- Opening Delimiter -

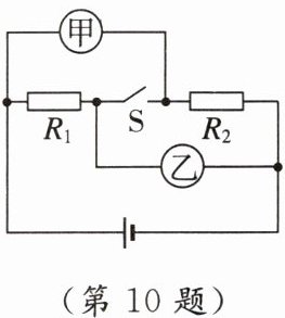 10. 科学思维·科学推理 如图所示的电路中,电源电压U保持不变。若在甲、乙两处都接入电流表,断开开关S,则$I_{甲}:I_{乙}= 3:5$。若在甲、乙两处都接入电压表,闭合开关S,则$U_{甲}:U_{乙}= $
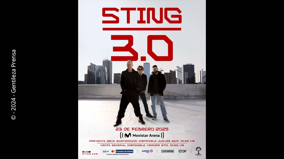 A más de 45 años de su primera visita al país con The Police, Sting vuelve a reencontrarse con el público local, uno de los más fieles que tiene en el mundo. El tour “Sting 3.0” lo encuentra en formato de trío junto al eximio guitarrista Dominic Miller y el virtuoso baterista Chris Maas, repasando los grandes éxitos tanto de su carrera como solista como junto a la icónica banda The Police.
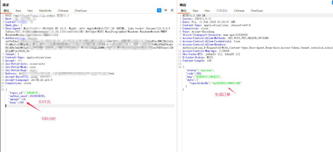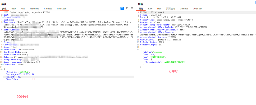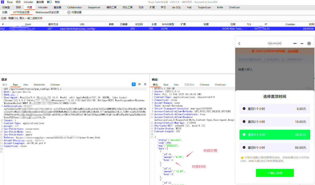 正常走发布帖子的流程,记录所有接口 这个接口数据包回显了对应的价格字段 并且没有对应的sing或者加密一类的东西和后端做校验,等于是前端校验价格还有置顶的时间,然后后端就返回了生成订单,那么我们篡改价格并且拉成时间就造成了漏洞问题了 /api/client/topic_top_orders
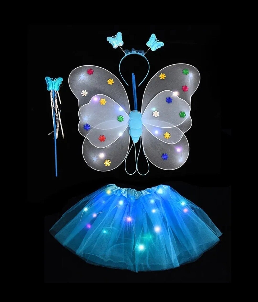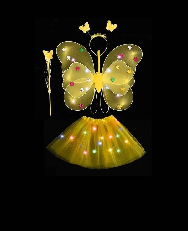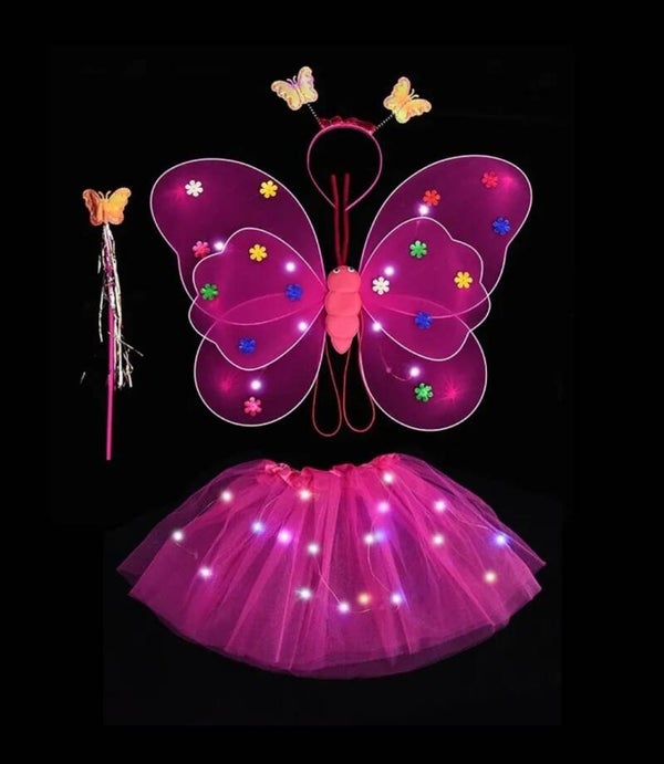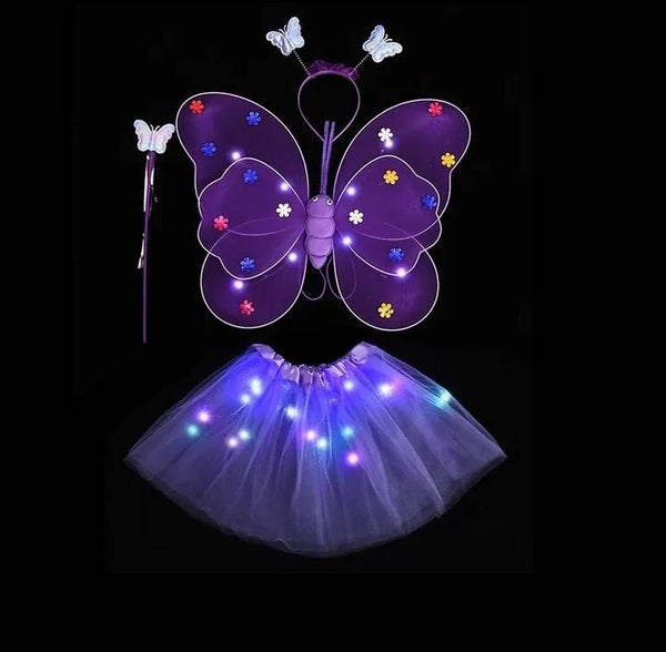 Alimenté par 2 piles bouton (incluses et de remplacement). Mode lumière: brûler. Chaque jupe a 12 papillon dessus. Jupe 3 couches.
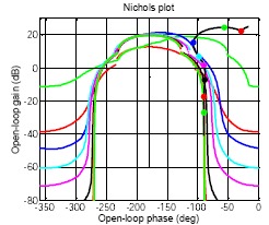 en la frecuencia de interés debe quedar por encima del intercepto de los contornos en cada frecuencia de interés, tal como se muestra en la Figura 5. Esto se logra agregando polos y ceros a la función de lazo
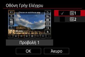 επάνω ή κάτω, για να ορίσετε επιλογές προβολής Γρήγορου ελέγχου
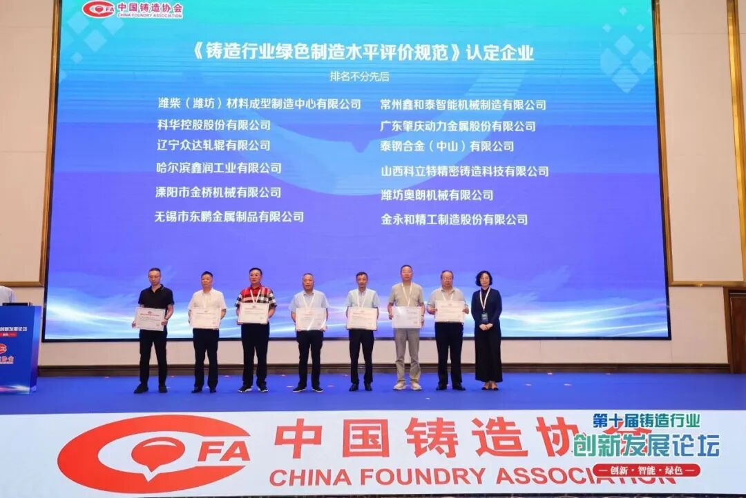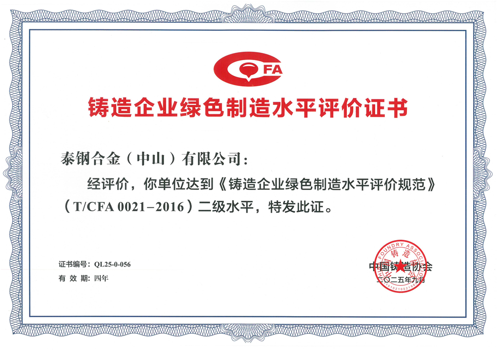 9月25日,以“创新·智能·绿色”为主题的第十届铸造行业创新发展论坛召开。论坛期间,中国铸造协会为通过铸造企业绿色制造水平评价规范认证的企业颁发了证书。泰钢合金(中山)有限公司(以下简称“泰钢合金”)凭借其在绿色制造领域的系统化建设与卓越实践,顺利通过评审,达到二级水平!
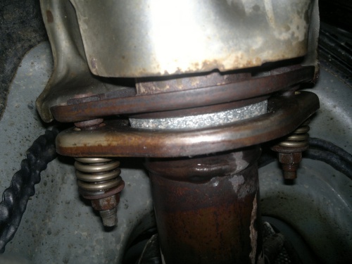 3. Postanowiłem nie robić połączenia stałego tylko jak fabryka dała ze sprężynami, więc pierwsze spryskałem śruby moimi odrdzewiaczami cola + wd40 (żeby ich od razu nie ukręcić). Następnie obstukałem młotkie i przedłużką od grzechotki. Chodzi oczywiście o te śruby zaznaczone na czerwono

- Closing Delimiter -

Line by line and exactly, write out the material above. Skip the pictures.

 10. 科学思维·科学推理 如图所示的电路中,电源电压U保持不变。若在甲、乙两处都接入电流表,断开开关S,则$I_{甲}:I_{乙}= 3:5$。若在甲、乙两处都接入电压表,闭合开关S,则$U_{甲}:U_{乙}= $
 A más de 45 años de su primera visita al país con The Police, Sting vuelve a reencontrarse con el público local, uno de los más fieles que tiene en el mundo. El tour “Sting 3.0” lo encuentra en formato de trío junto al eximio guitarrista Dominic Miller y el virtuoso baterista Chris Maas, repasando los grandes éxitos tanto de su carrera como solista como junto a la icónica banda The Police.
 正常走发布帖子的流程,记录所有接口 这个接口数据包回显了对应的价格字段 并且没有对应的sing或者加密一类的东西和后端做校验,等于是前端校验价格还有置顶的时间,然后后端就返回了生成订单,那么我们篡改价格并且拉成时间就造成了漏洞问题了 /api/client/topic_top_orders
 Alimenté par 2 piles bouton (incluses et de remplacement). Mode lumière: brûler. Chaque jupe a 12 papillon dessus. Jupe 3 couches.
 en la frecuencia de interés debe quedar por encima del intercepto de los contornos en cada frecuencia de interés, tal como se muestra en la Figura 5. Esto se logra agregando polos y ceros a la función de lazo
 επάνω ή κάτω, για να ορίσετε επιλογές προβολής Γρήγορου ελέγχου
 9月25日,以“创新·智能·绿色”为主题的第十届铸造行业创新发展论坛召开。论坛期间,中国铸造协会为通过铸造企业绿色制造水平评价规范认证的企业颁发了证书。泰钢合金(中山)有限公司(以下简称“泰钢合金”)凭借其在绿色制造领域的系统化建设与卓越实践,顺利通过评审,达到二级水平!
 3. Postanowiłem nie robić połączenia stałego tylko jak fabryka dała ze sprężynami, więc pierwsze spryskałem śruby moimi odrdzewiaczami cola + wd40 (żeby ich od razu nie ukręcić). Następnie obstukałem młotkie i przedłużką od grzechotki. Chodzi oczywiście o te śruby zaznaczone na czerwono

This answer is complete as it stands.